How old would you now be in fact, 241? The impossible nature of our correspondence causes problems. The place occupied by the daguerreotype in the development of photography is difficult to describe to someone who already died in 1833. I will have to appeal to your imagination. As I already indicated in my previous letter, I am confident that you are more than capable of this.
It does seem as though everyone in the nineteenth century thought that the new medium would replace painting. After all, it had to cede one of its essential functions - representation - to photography. At the same time this gave painting the freedom to no longer have to be an ‘imitation of nature’. It could finally develop its own language.
Painting did not therefore cease to exist - on the contrary. The one medium never comes in the place of the other. At most they overlap one another, and continue to exist in tandem.

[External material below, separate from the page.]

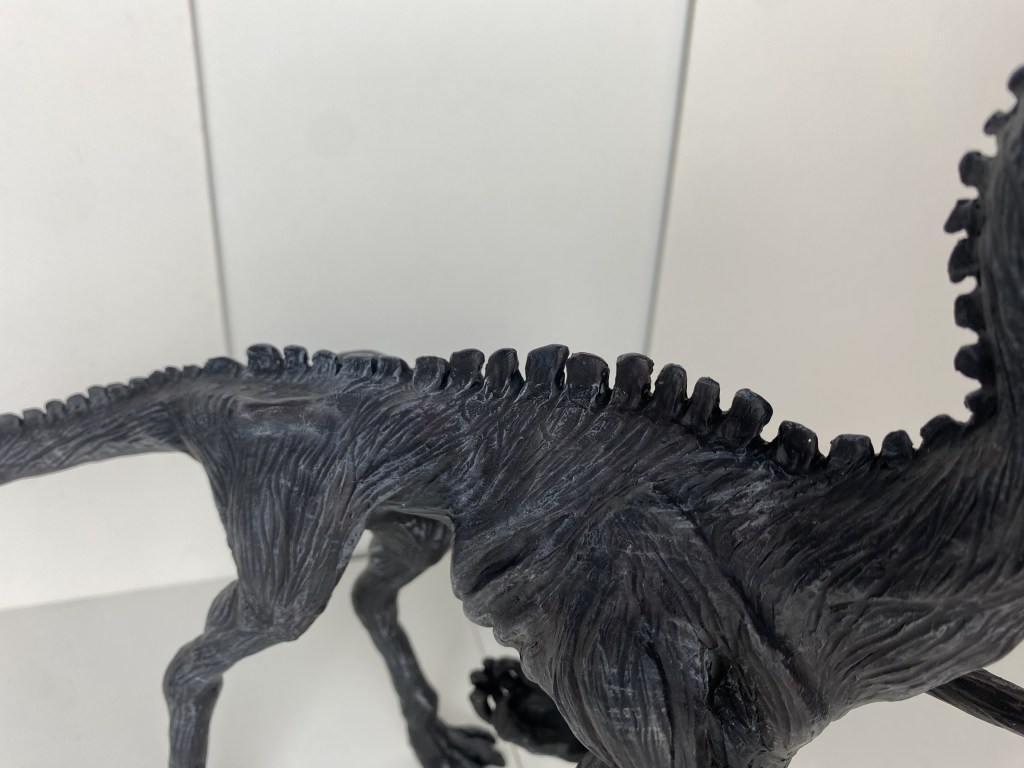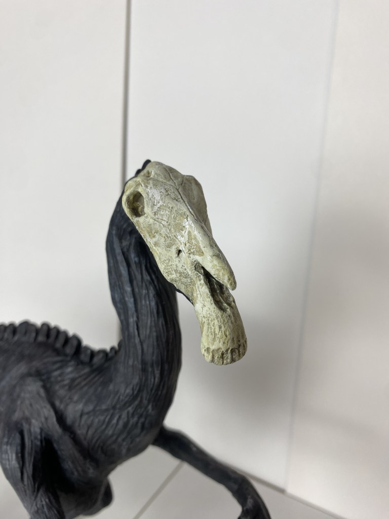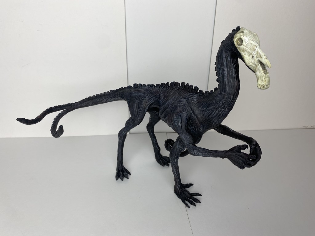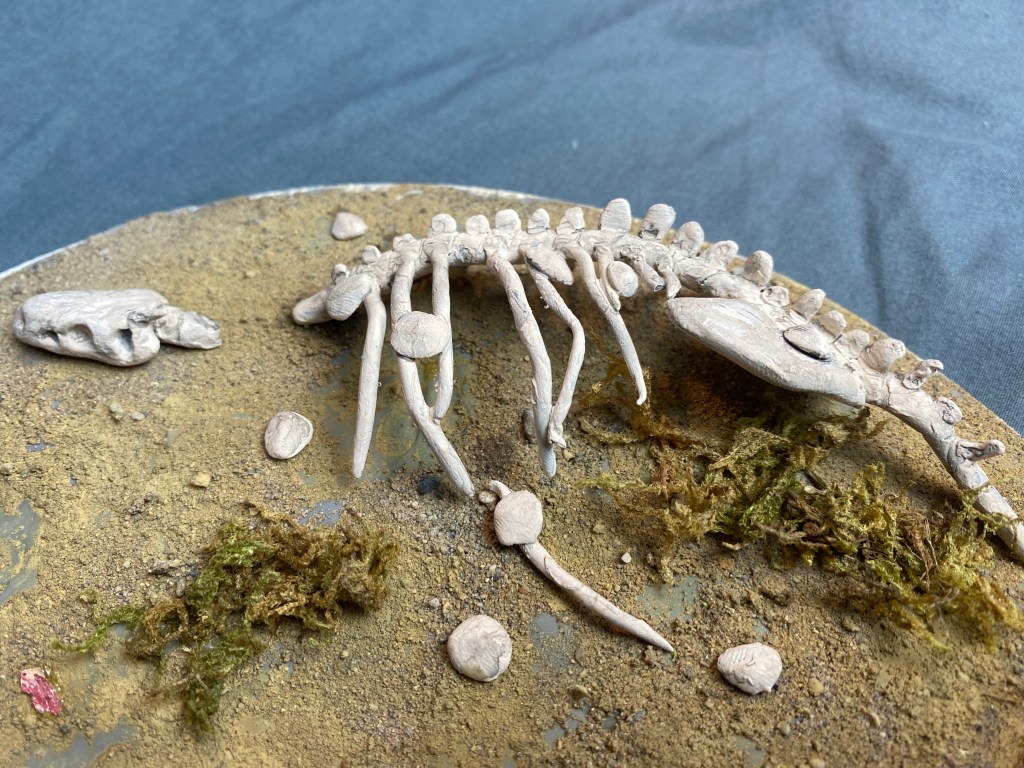 Hand-sculpted and painted polymer clay sculpture and diorama. This diorama depicts a speculative scene from the environment of the Kayenta Formation from the south-western United States. It depicts a Dilophosaurus standing atop a hardened dune looking over the half-buried skeleton of a Scelidosaurus.

The bicycle did not push aside walking, nor has the automobile made the bicycle superfluous. Here’s where photography comes in good stead. Enclosed you will find two photographs, the Benz Vélo from 1894 and the Ford Model T from 1908.
The automobile was literally a self-propelling carriage. A luxury carriage, to be sure. Not only did it look luxurious, as Benz’s automobile was, but it was also an unaccustomed luxury to have yourself carried by such a machine. Not everyone could permit themselves that. The automobile was something that belonged to the elite, the hat wearers, the rest could only look on admiringly. The daguerreotype was the same: a luxury vehicle that only conveyed the well-to-do and cultivated on its silver bearer.

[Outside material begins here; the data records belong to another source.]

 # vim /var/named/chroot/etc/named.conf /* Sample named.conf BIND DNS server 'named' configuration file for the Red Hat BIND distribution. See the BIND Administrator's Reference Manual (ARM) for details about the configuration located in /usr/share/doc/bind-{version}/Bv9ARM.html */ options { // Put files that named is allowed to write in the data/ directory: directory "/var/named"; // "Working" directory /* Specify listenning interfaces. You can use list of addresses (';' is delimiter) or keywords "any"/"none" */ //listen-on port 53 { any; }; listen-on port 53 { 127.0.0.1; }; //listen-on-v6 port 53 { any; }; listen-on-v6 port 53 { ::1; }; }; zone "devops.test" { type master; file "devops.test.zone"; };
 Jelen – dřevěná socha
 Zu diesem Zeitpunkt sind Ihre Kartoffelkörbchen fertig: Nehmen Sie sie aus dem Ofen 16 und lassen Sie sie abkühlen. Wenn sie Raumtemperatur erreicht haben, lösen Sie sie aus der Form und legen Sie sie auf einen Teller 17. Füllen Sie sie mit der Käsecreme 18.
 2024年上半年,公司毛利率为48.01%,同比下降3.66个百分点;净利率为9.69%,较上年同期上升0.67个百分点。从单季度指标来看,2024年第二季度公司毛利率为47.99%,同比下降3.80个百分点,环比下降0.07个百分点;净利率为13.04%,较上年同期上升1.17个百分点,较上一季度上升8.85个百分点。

The daguerreotype made a promise that still had to be redeemed by other media: that a medium had been created that everyone could use and that could reproduce everything. In theory that was indeed possible, but in practice the daguerreotype was a cumbersome and expensive vehicle. As happens with inventions, it did open up the way to a wave of revolutionary media. Following on the daguerreotype, people started to record nature on paper, on glass, on cheap tin. Its promise was only redeemed when it was overtaken on all sides by other processes - in speed, in ease, in cost savings. But not in beauty.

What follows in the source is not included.